*Exercise objective*.
The listing below should be reproduced precisely, except for its images.

>>>

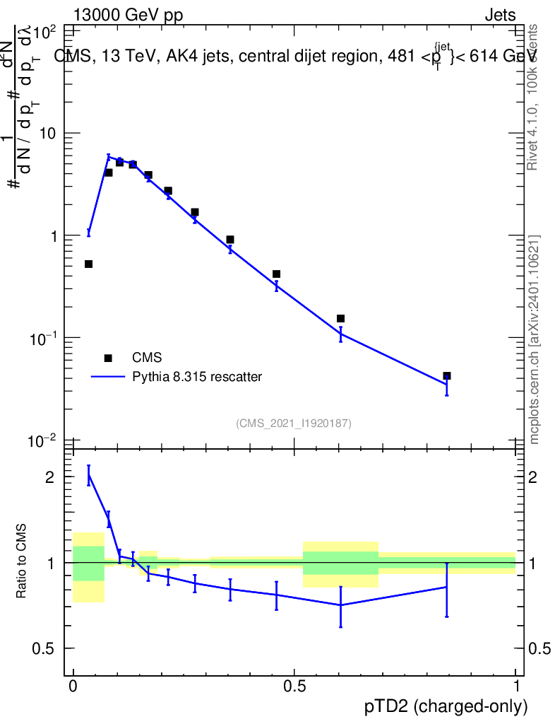 Lines: data, pythia8 8.315 rescatter |
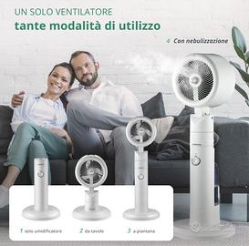 4 modalità di utilizzo: ventilatore da tavolo, da terra, nebulizzatore o umidificatore, perfetto per gli ambienti secchi;
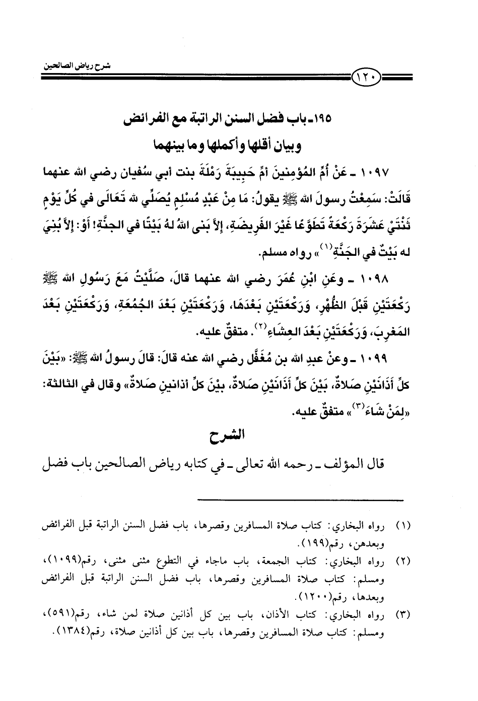 باب فضل السنن الراتبة مع الفرائض وبيان أقلها وأكملها وما بينهما
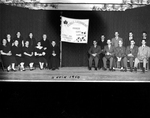 Description :A LA SALLE DE L'EGLISE CHRIST-ROI, GROUPE LACORDAIRE POSANT AVEC LE DRAPEAU AU CENTRE. A GAUCHE, 1ER RANG: SIMONE LEBLANC; MME PAUL AUDET; MME P. GAUCHER; MME A. BEAULIEU; MONSEIGNEUR LEONIDAS ADAM. - 2E RANG: MME GOUPIL; MME GOYETTE; MME POIS...
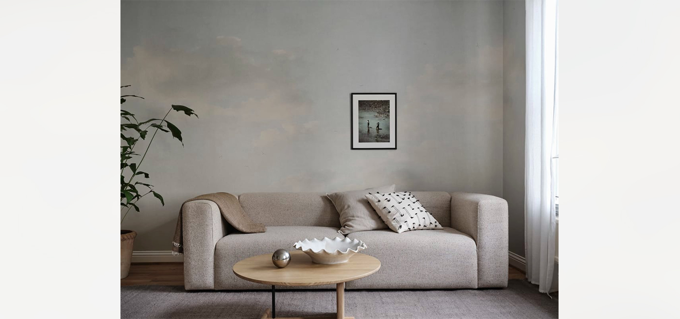 Studying the sky is like drifting away from reality, pausing to contemplate the course of nature. In the distance, the peregrine falcon hovers weightlessly across the sky over the coast of Møn. The color scheme Moln (Swedish for "cloud") Misty Blue has blue skies with soft, light pink clouds.
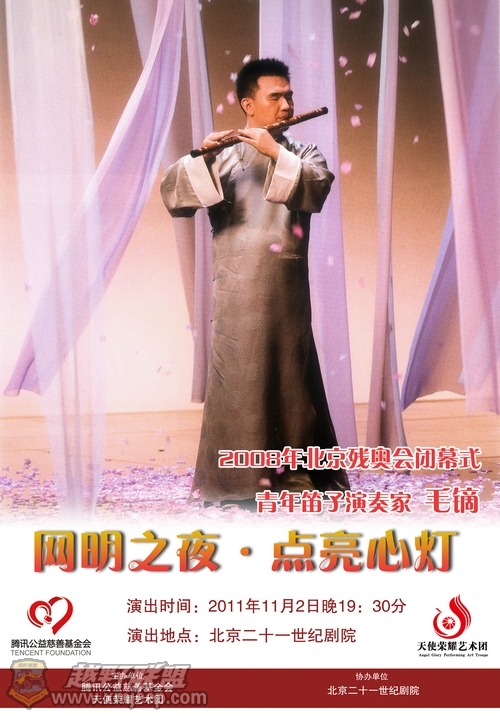 6 p4 v% f+ ^9 b& Y$ B" x# w. y G 天使荣耀艺术团成立以来,进行了许多公益演出。我作为唯一一名随团摄影记者,每每泪眼模糊,忘记了拍摄任务。但忘不了3.8国际妇女节这天,第二届“科学与艺术”活动组委会特别邀请中国唯一的盲人芭蕾舞演员赵蕴辉,在全国政协礼堂为全国两会代表作精彩演出《睡美人》和《舞姬》,那美轮美奂的表演让全国政协副主席王志珍称赞不已,一向学习极为刻苦的赵蕴辉顾不上吃饭,就带着疲惫,连夜赶回天津上学;忘不了宝马携手天使荣耀艺术团长城公益行活动,孩子们圆梦长城,把心愿祝福卡系在鸽子腿上,放飞起自己的梦想;忘不了北京木马剧场《情若满弦·30年经典中国风》,以最古雅的传统民族乐器与演唱,演绎经典的“中国风”,盲人钢琴家金元辉自弹自唱《其实你不懂我的心》比原唱更能打动人心,毛镝排箫一曲《橄榄树》,人们仿佛能从每个音符里听到呜咽的声音,这场他们自己只编排20多天的音乐会,却给人们带来那麽多纯美的时代经典记忆;忘不了为腾讯员工作“精彩生活·分享爱”的专场演出,感动、感恩、感佩、感叹···现场的每一个观众都进行了一次心灵的洗礼,那纯美的艺术享受和美妙的生命改变必将植根到每个人的心底。
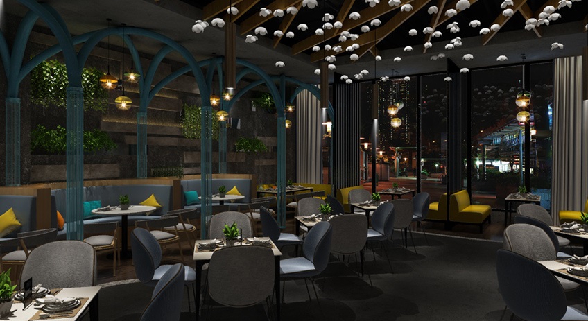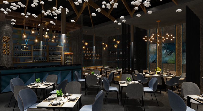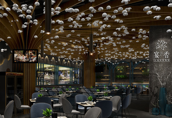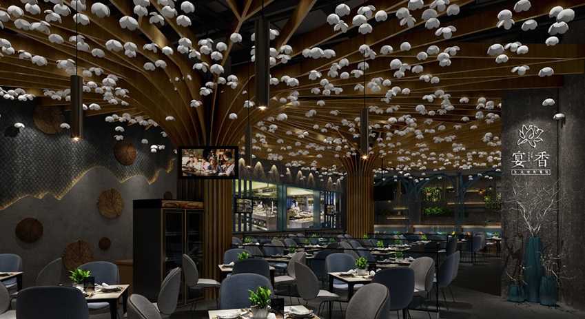 餐厅的经营理念与设计理念融合在一起的时候,产生出了这样一个舒适时尚的餐饮空间。设计灵感来源于自然的力量,挺拔蔓延的树木形状作为吊顶,配以纯白的花朵布满整个大厅区域,一个充满活力的氛围从空间中脱颖而出。在这之外的包间区域运用同样的色调延伸进入,在宏观中隔绝出了一个安静隐私的个人区域,无论是商务宴请还是休闲小憩,都是一个理想去处。
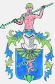 ![]() " d'azur à un sauvage de carnation tenant de ses deux mains une lance d'argent posée en barre, courant sur un mont de trois copeaux de sinople et, mouvant du chef, un oeil rayonnant d'or." (source: AEF, fichier armoiries; Armorial Comba III; Armorial Comba 1828/1846) |

<<<

*Response*.
 Lines: data, pythia8 8.315 rescatter |
 4 modalità di utilizzo: ventilatore da tavolo, da terra, nebulizzatore o umidificatore, perfetto per gli ambienti secchi;
 باب فضل السنن الراتبة مع الفرائض وبيان أقلها وأكملها وما بينهما
 Description :A LA SALLE DE L'EGLISE CHRIST-ROI, GROUPE LACORDAIRE POSANT AVEC LE DRAPEAU AU CENTRE. A GAUCHE, 1ER RANG: SIMONE LEBLANC; MME PAUL AUDET; MME P. GAUCHER; MME A. BEAULIEU; MONSEIGNEUR LEONIDAS ADAM. - 2E RANG: MME GOUPIL; MME GOYETTE; MME POIS...
 Studying the sky is like drifting away from reality, pausing to contemplate the course of nature. In the distance, the peregrine falcon hovers weightlessly across the sky over the coast of Møn. The color scheme Moln (Swedish for "cloud") Misty Blue has blue skies with soft, light pink clouds.
 6 p4 v% f+ ^9 b& Y$ B" x# w. y G 天使荣耀艺术团成立以来,进行了许多公益演出。我作为唯一一名随团摄影记者,每每泪眼模糊,忘记了拍摄任务。但忘不了3.8国际妇女节这天,第二届“科学与艺术”活动组委会特别邀请中国唯一的盲人芭蕾舞演员赵蕴辉,在全国政协礼堂为全国两会代表作精彩演出《睡美人》和《舞姬》,那美轮美奂的表演让全国政协副主席王志珍称赞不已,一向学习极为刻苦的赵蕴辉顾不上吃饭,就带着疲惫,连夜赶回天津上学;忘不了宝马携手天使荣耀艺术团长城公益行活动,孩子们圆梦长城,把心愿祝福卡系在鸽子腿上,放飞起自己的梦想;忘不了北京木马剧场《情若满弦·30年经典中国风》,以最古雅的传统民族乐器与演唱,演绎经典的“中国风”,盲人钢琴家金元辉自弹自唱《其实你不懂我的心》比原唱更能打动人心,毛镝排箫一曲《橄榄树》,人们仿佛能从每个音符里听到呜咽的声音,这场他们自己只编排20多天的音乐会,却给人们带来那麽多纯美的时代经典记忆;忘不了为腾讯员工作“精彩生活·分享爱”的专场演出,感动、感恩、感佩、感叹···现场的每一个观众都进行了一次心灵的洗礼,那纯美的艺术享受和美妙的生命改变必将植根到每个人的心底。
 餐厅的经营理念与设计理念融合在一起的时候,产生出了这样一个舒适时尚的餐饮空间。设计灵感来源于自然的力量,挺拔蔓延的树木形状作为吊顶,配以纯白的花朵布满整个大厅区域,一个充满活力的氛围从空间中脱颖而出。在这之外的包间区域运用同样的色调延伸进入,在宏观中隔绝出了一个安静隐私的个人区域,无论是商务宴请还是休闲小憩,都是一个理想去处。
 ![]() " d'azur à un sauvage de carnation tenant de ses deux mains une lance d'argent posée en barre, courant sur un mont de trois copeaux de sinople et, mouvant du chef, un oeil rayonnant d'or." (source: AEF, fichier armoiries; Armorial Comba III; Armorial Comba 1828/1846) |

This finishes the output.